» **EXERCISE DIRECTIONS**
Set out exactly every line of the entries below, starting at the line that holds "Anti Barclays Graffiti, New" and stopping after the line that holds "전국농민회총연맹 강원도연맹은 28일".

» **RECORDS PROVIDED**
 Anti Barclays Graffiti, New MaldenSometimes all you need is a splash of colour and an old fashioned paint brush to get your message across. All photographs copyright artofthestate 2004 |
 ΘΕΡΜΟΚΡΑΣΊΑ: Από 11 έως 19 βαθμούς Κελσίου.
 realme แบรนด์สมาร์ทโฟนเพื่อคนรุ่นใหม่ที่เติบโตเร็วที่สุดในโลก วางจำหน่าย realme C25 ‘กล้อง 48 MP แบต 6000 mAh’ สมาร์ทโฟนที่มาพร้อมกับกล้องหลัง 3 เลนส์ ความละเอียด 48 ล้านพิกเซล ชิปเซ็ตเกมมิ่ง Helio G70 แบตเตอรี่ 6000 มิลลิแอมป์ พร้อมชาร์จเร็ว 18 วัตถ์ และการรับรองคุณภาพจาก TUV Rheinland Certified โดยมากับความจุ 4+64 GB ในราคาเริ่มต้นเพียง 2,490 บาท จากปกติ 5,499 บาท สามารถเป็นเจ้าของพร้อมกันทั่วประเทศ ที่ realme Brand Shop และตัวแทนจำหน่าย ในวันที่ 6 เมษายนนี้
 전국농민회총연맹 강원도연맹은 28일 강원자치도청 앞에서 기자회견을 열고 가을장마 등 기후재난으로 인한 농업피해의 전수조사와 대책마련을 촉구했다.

--

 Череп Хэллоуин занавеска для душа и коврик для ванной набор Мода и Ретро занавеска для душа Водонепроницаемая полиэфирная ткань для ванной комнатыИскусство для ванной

» **SOLVED EXERCISE**
 Anti Barclays Graffiti, New MaldenSometimes all you need is a splash of colour and an old fashioned paint brush to get your message across. All photographs copyright artofthestate 2004 |
 ΘΕΡΜΟΚΡΑΣΊΑ: Από 11 έως 19 βαθμούς Κελσίου.
 realme แบรนด์สมาร์ทโฟนเพื่อคนรุ่นใหม่ที่เติบโตเร็วที่สุดในโลก วางจำหน่าย realme C25 ‘กล้อง 48 MP แบต 6000 mAh’ สมาร์ทโฟนที่มาพร้อมกับกล้องหลัง 3 เลนส์ ความละเอียด 48 ล้านพิกเซล ชิปเซ็ตเกมมิ่ง Helio G70 แบตเตอรี่ 6000 มิลลิแอมป์ พร้อมชาร์จเร็ว 18 วัตถ์ และการรับรองคุณภาพจาก TUV Rheinland Certified โดยมากับความจุ 4+64 GB ในราคาเริ่มต้นเพียง 2,490 บาท จากปกติ 5,499 บาท สามารถเป็นเจ้าของพร้อมกันทั่วประเทศ ที่ realme Brand Shop และตัวแทนจำหน่าย ในวันที่ 6 เมษายนนี้
 전국농민회총연맹 강원도연맹은 28일 강원자치도청 앞에서 기자회견을 열고 가을장마 등 기후재난으로 인한 농업피해의 전수조사와 대책마련을 촉구했다.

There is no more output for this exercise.